DATA IN THIS EXERCISE
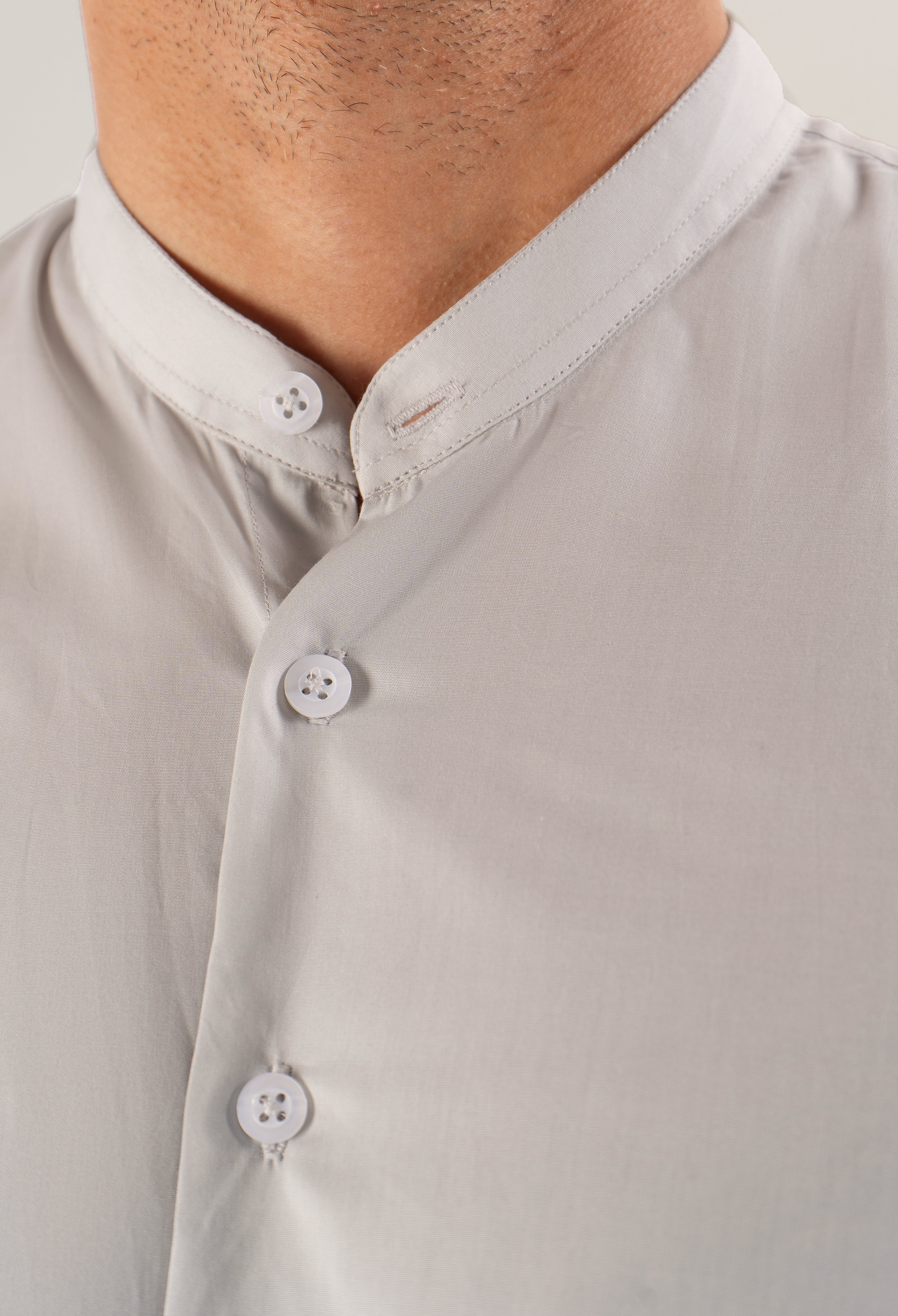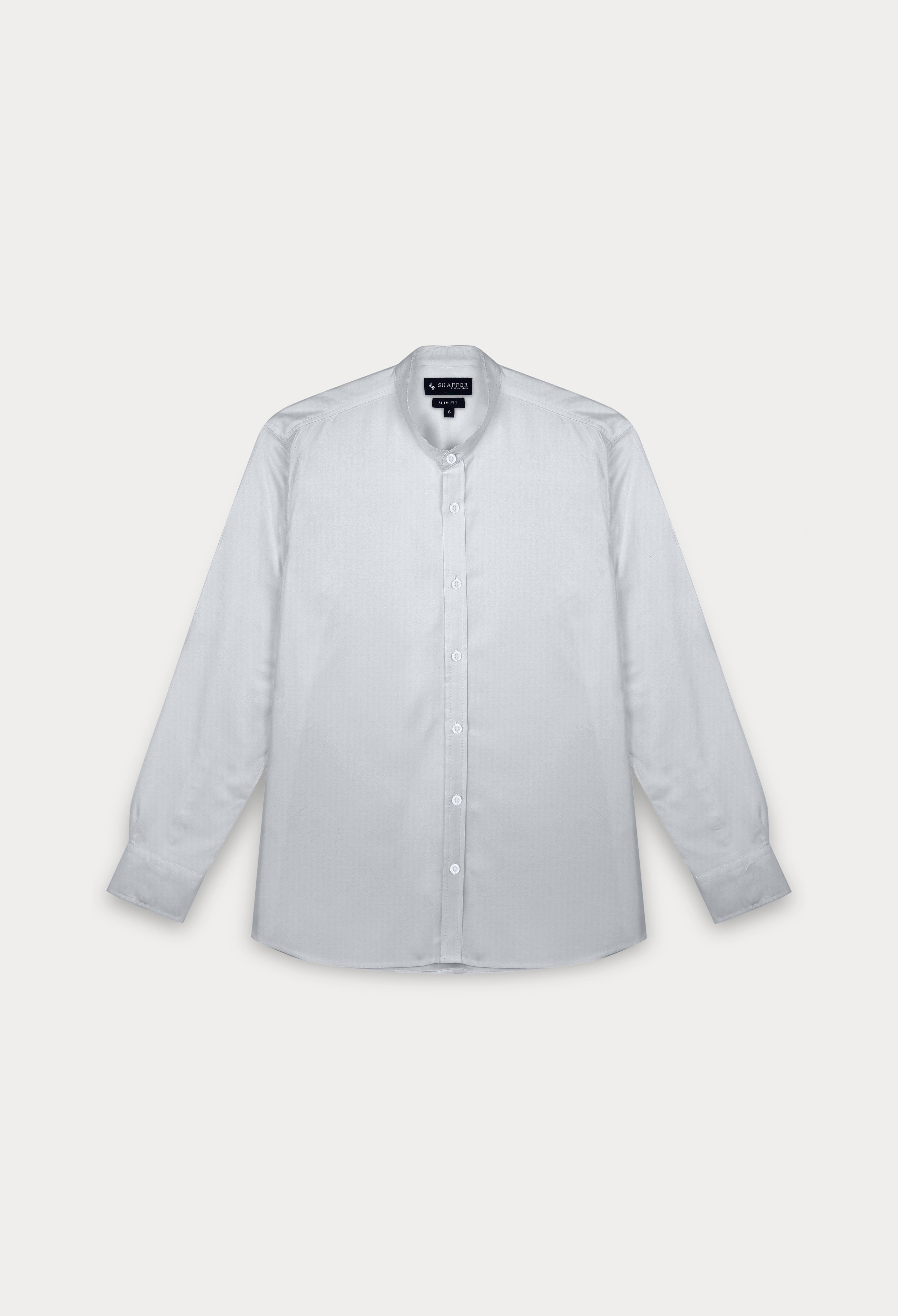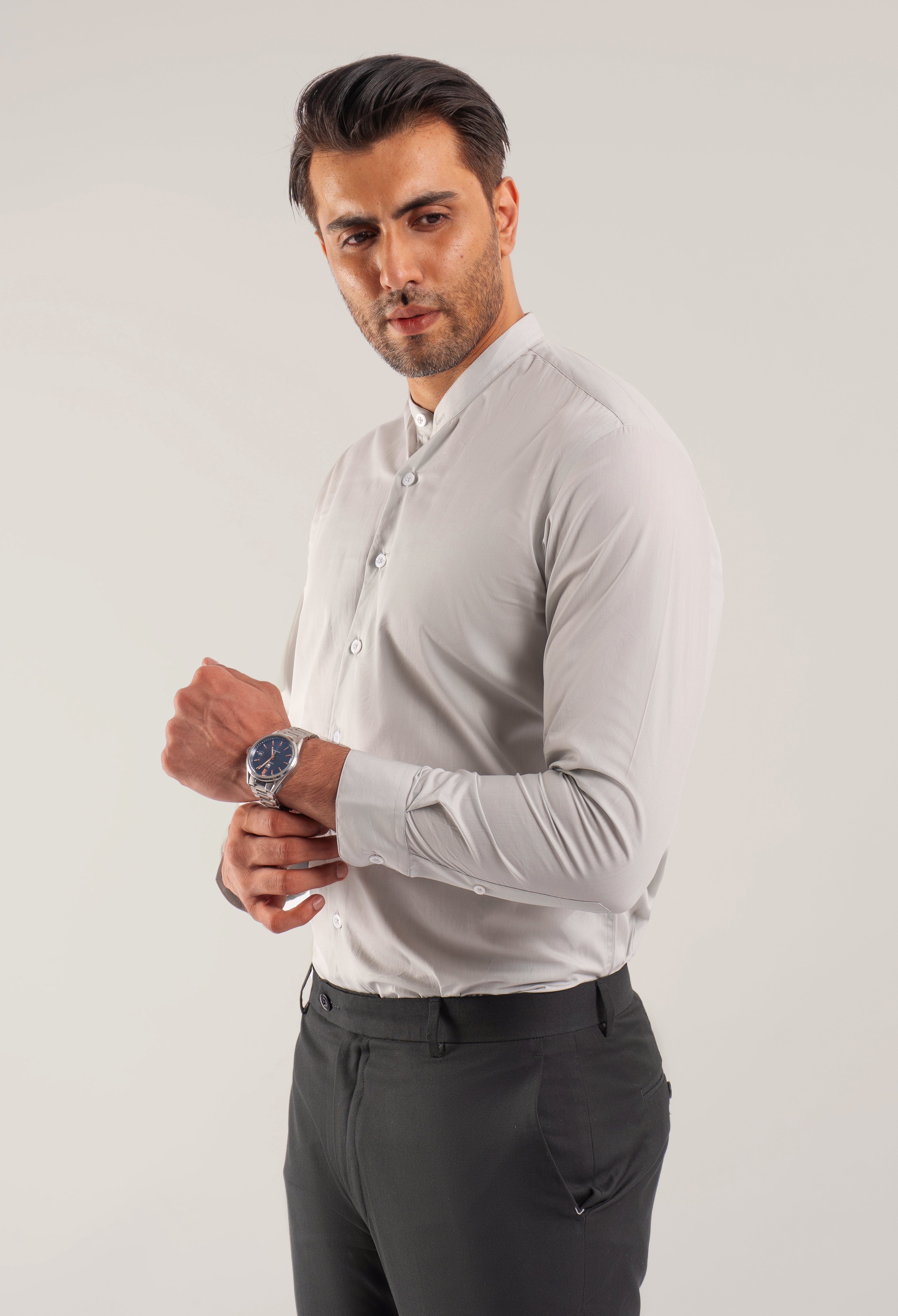 This Grey Semi Formal Shirt is crafted from 100% Cotton and includes a Band collar and slim fit styling for a semi formal look.
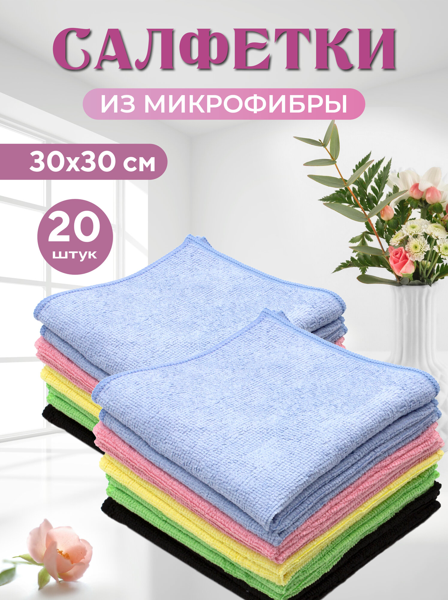 Отзывы на Салфетка для уборки из микрофибры, набор 20 штук, 30х30 см, 220 гр/м2, 5 цветов Optiline
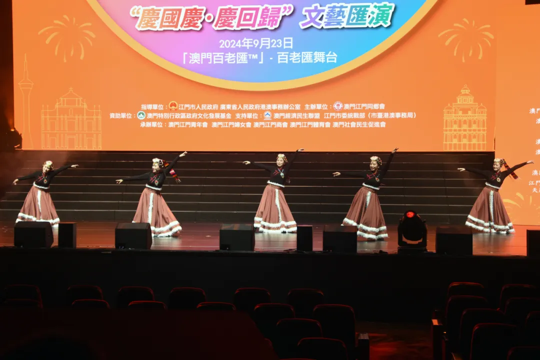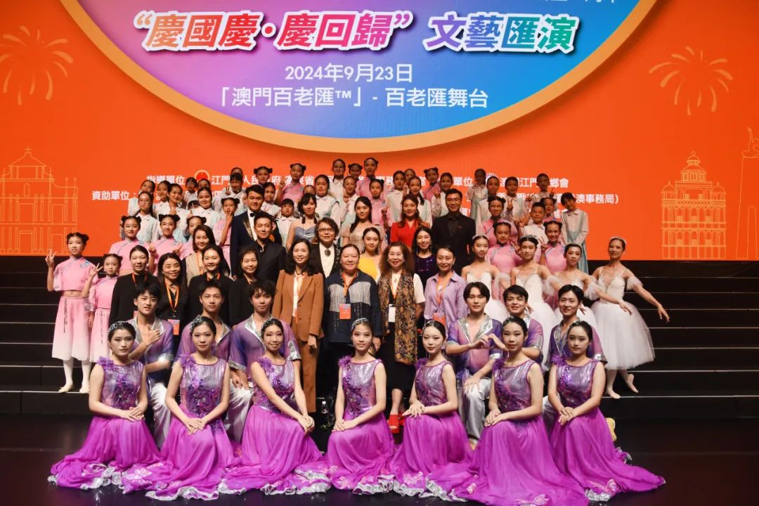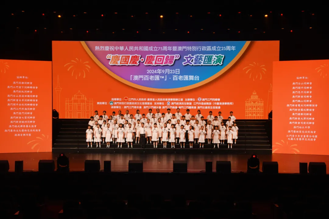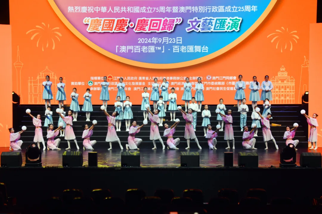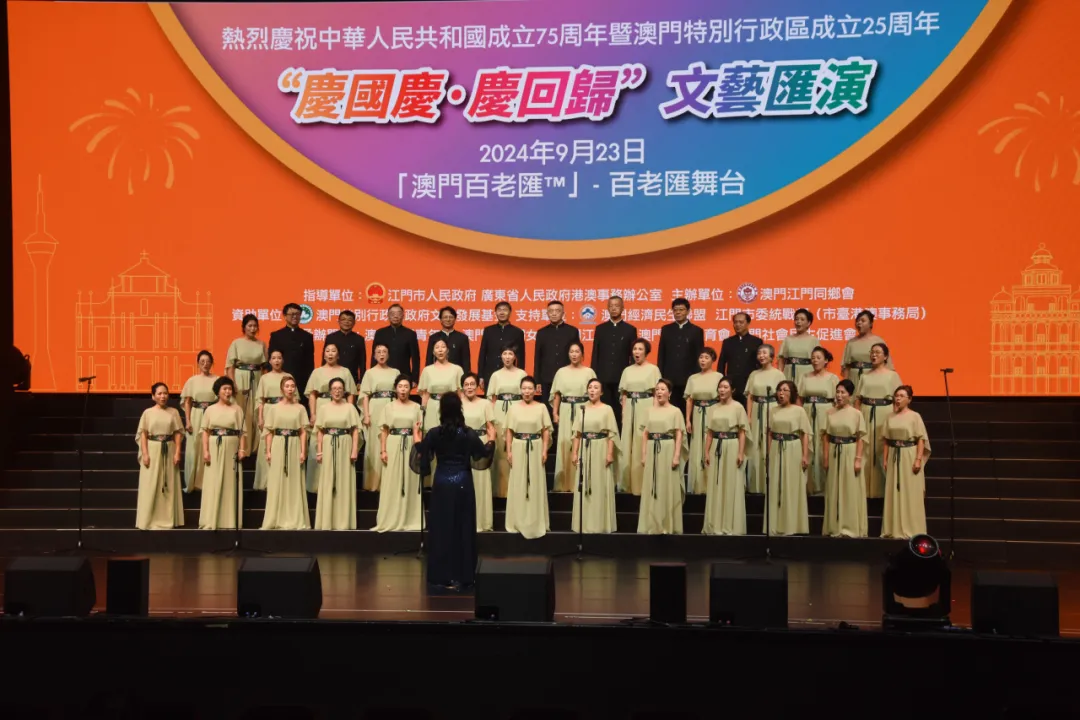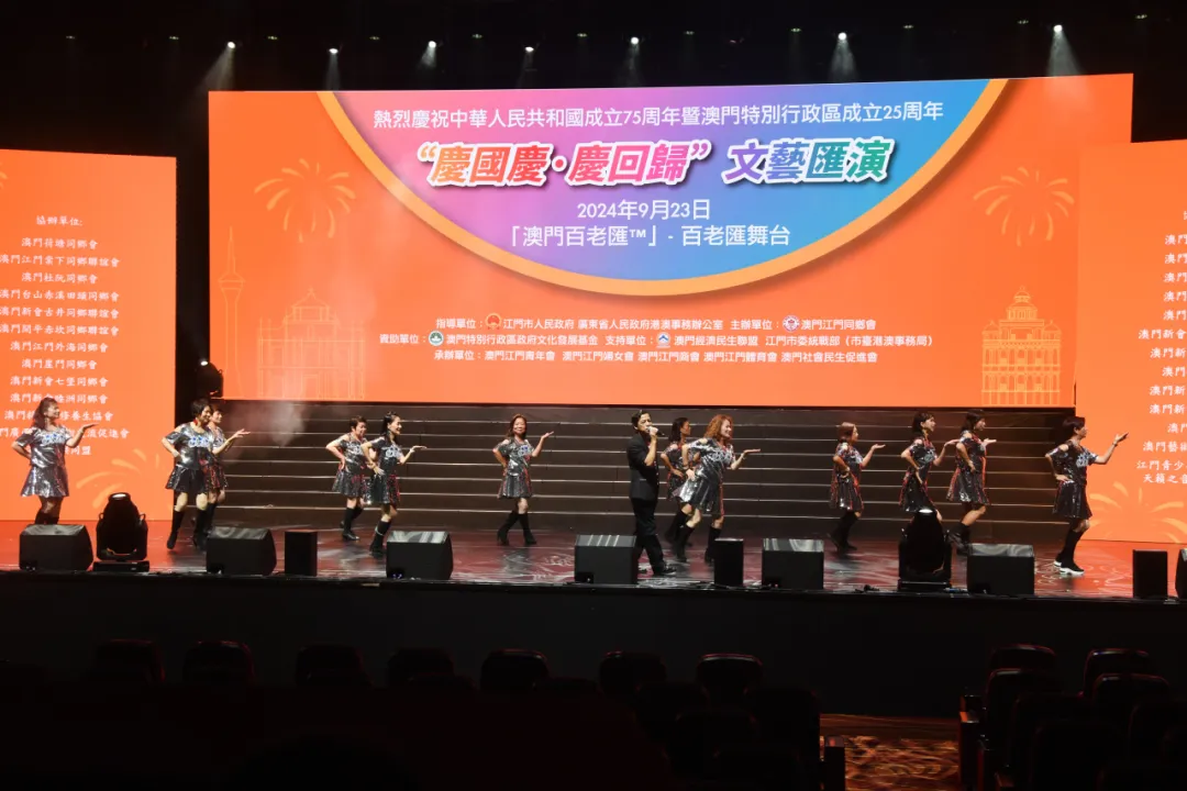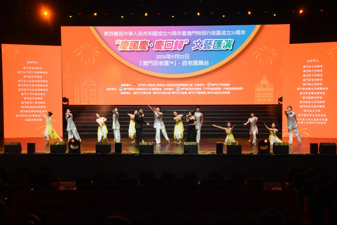 为庆祝中华人民共和国成立75周年暨澳门回归祖国25周年,9月23日晚,由广东省人民政府港澳事务办公室、SG飞艇(中国)开奖记录查询站 指导,澳门江门同乡会、SG飞艇(中国)开奖记录查询站委统战部(市台港澳事务局)主办的“同心同行 庆国庆贺回归”文艺汇演在澳门百老汇剧院上演。在SG飞艇(中国)开奖记录查询站文化广电旅游体育局的统筹指导下,SG飞艇(中国)开奖记录查询站文化馆精心组织了一批本土优秀文艺节目参演,为“双庆”同贺营造了浓厚的文化氛围。
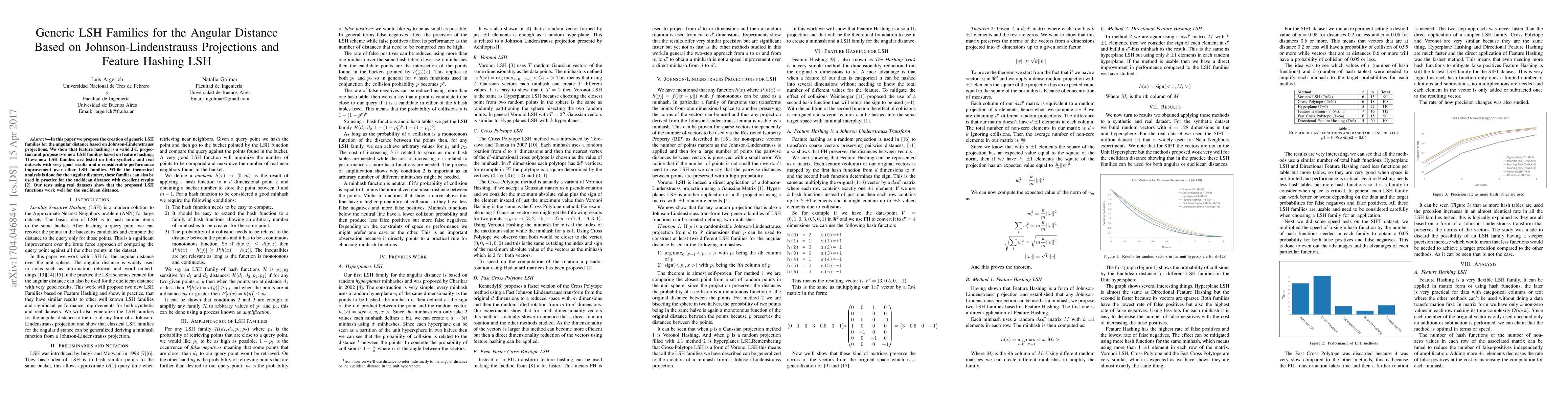This paper proposes two new LSH families based on feature hashing for angular distance, achieving better performance than existing methods, with promising results also for Euclidean distance.
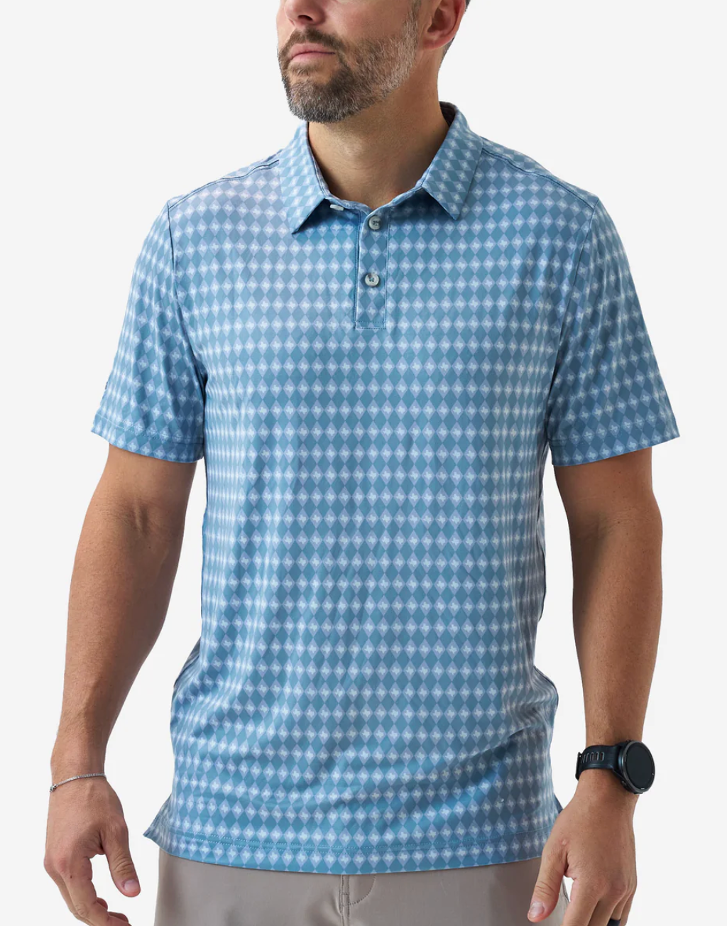 Master the game of style with this striking Tic Tac Toe Print Polo from F/X...

TASK GOAL
Write out, exactly as they stand, the line with "This paper proposes" and every line after it through the end of the entries above; omit the pictures.

REPLY TO THE EXERCISE
This paper proposes two new LSH families based on feature hashing for angular distance, achieving better performance than existing methods, with promising results also for Euclidean distance.
 Master the game of style with this striking Tic Tac Toe Print Polo from F/X...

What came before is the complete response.